Your task:
When you copy from the entries that follow, take only the lines from the one with "A pot of many" down to the one with "季節ごとの北海道食材を、洋食", keeping both ends and dropping every picture.

Given information:
______________________________
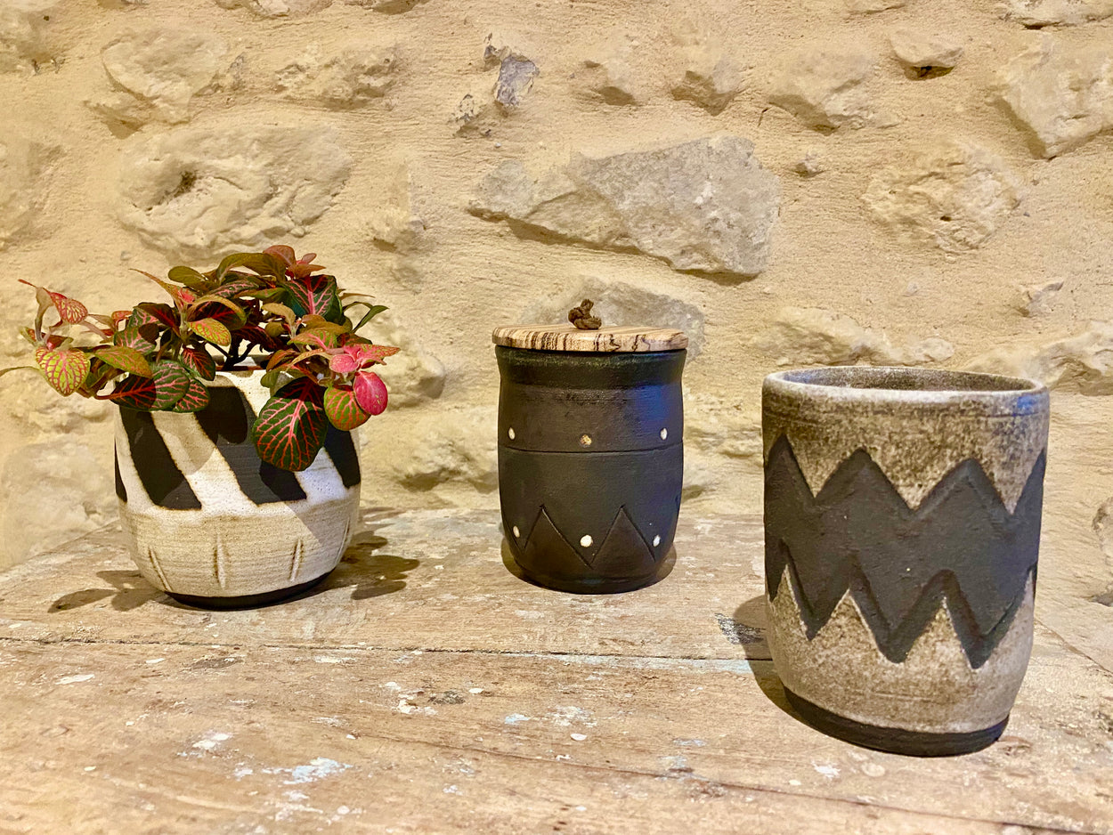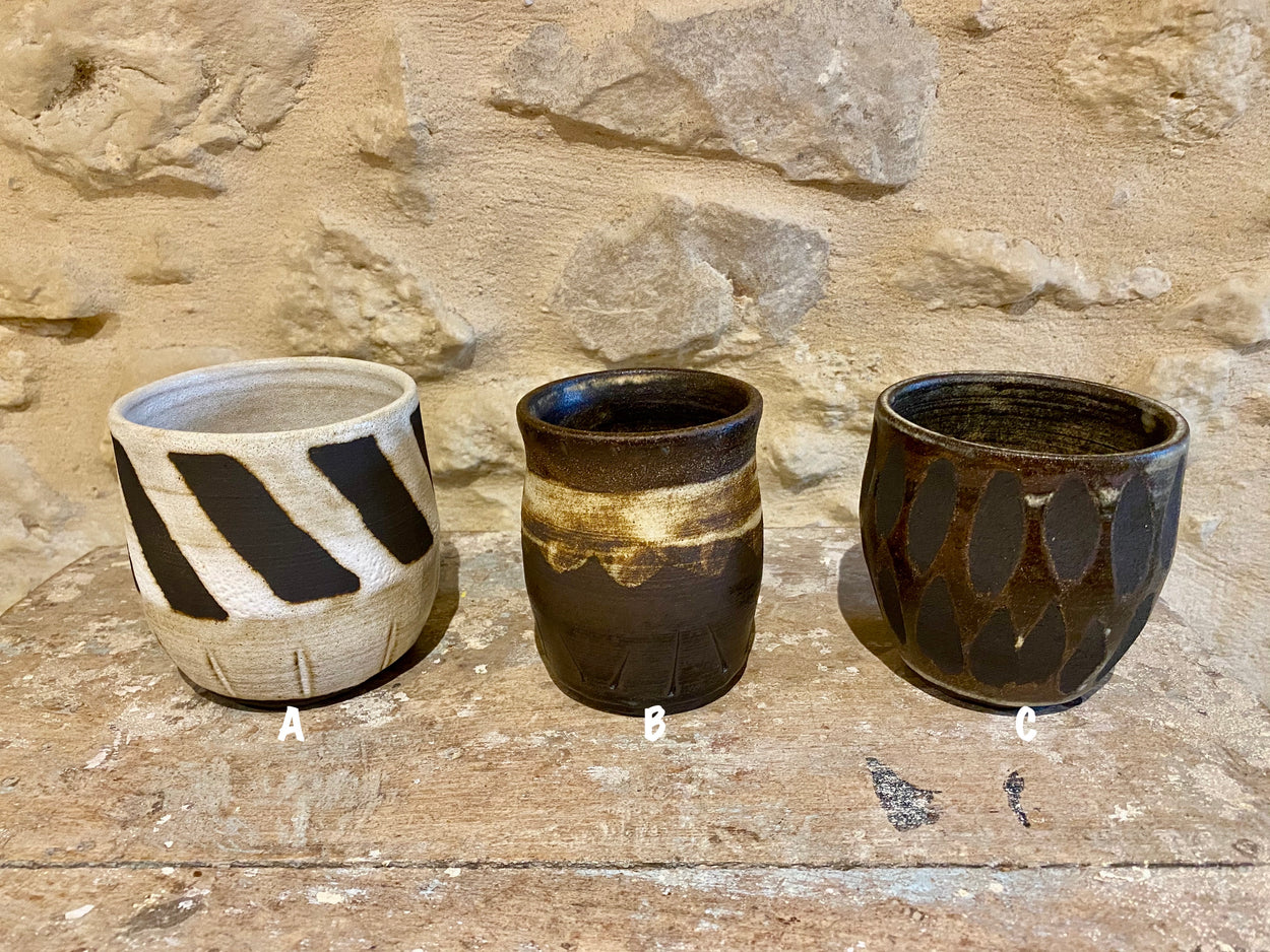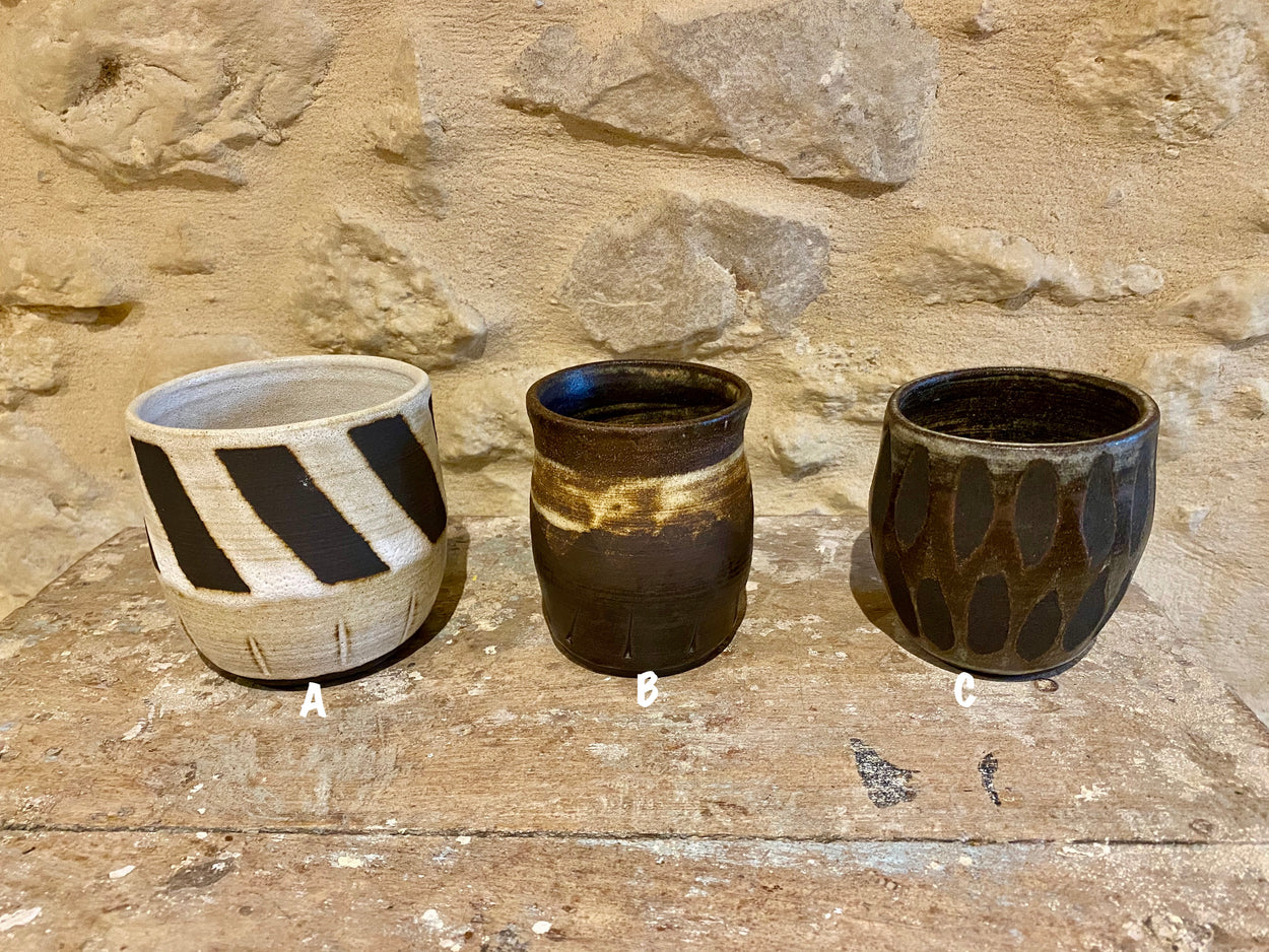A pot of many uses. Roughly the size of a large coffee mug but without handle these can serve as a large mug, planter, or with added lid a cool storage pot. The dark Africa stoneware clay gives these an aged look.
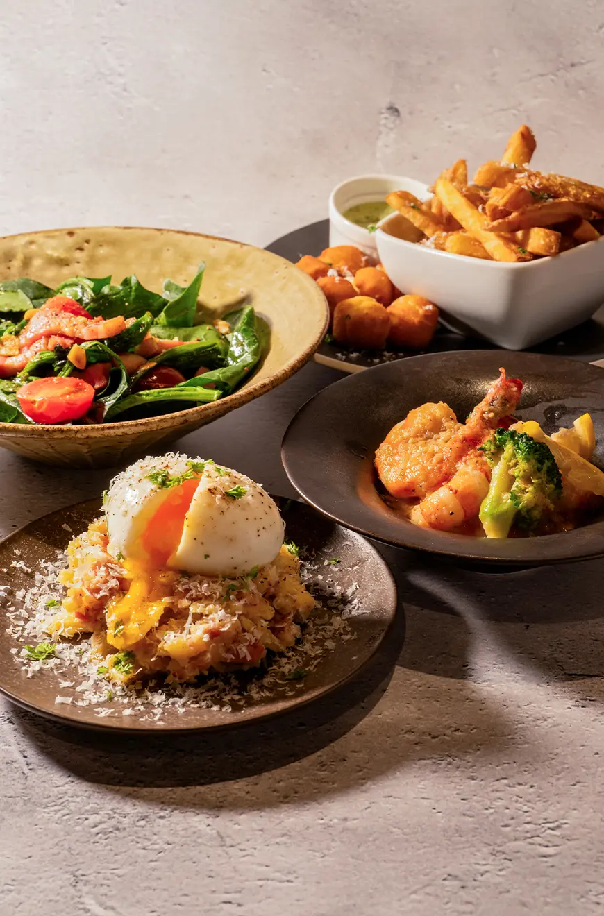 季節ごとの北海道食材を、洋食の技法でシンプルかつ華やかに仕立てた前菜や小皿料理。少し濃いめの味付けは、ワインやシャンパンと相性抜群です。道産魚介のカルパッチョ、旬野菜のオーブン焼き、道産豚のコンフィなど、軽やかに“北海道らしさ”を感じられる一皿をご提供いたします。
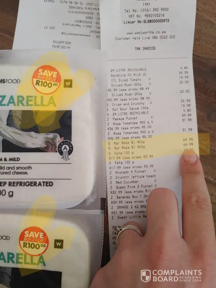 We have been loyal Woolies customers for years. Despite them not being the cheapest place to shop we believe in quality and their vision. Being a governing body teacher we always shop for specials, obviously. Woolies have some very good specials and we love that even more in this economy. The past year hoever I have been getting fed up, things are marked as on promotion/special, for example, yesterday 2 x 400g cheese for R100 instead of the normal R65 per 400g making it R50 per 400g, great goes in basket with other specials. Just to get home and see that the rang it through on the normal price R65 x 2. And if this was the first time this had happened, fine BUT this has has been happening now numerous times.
______________________________
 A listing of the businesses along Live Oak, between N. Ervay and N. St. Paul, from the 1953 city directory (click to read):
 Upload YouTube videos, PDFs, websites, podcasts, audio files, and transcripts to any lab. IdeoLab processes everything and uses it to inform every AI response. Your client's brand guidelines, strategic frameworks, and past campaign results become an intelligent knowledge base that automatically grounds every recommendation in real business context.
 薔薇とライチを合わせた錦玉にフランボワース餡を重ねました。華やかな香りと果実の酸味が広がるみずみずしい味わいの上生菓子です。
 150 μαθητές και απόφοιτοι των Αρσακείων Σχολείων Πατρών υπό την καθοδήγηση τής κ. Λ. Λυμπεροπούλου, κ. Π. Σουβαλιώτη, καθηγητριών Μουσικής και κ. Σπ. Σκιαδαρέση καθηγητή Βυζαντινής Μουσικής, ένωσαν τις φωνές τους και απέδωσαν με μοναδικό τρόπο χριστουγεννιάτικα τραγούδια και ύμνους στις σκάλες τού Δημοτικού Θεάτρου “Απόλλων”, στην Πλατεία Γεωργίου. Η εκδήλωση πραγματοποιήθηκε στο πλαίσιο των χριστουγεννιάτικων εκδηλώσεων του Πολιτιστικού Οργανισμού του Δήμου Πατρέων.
______________________________
Reply:
A pot of many uses. Roughly the size of a large coffee mug but without handle these can serve as a large mug, planter, or with added lid a cool storage pot. The dark Africa stoneware clay gives these an aged look.
 季節ごとの北海道食材を、洋食の技法でシンプルかつ華やかに仕立てた前菜や小皿料理。少し濃いめの味付けは、ワインやシャンパンと相性抜群です。道産魚介のカルパッチョ、旬野菜のオーブン焼き、道産豚のコンフィなど、軽やかに“北海道らしさ”を感じられる一皿をご提供いたします。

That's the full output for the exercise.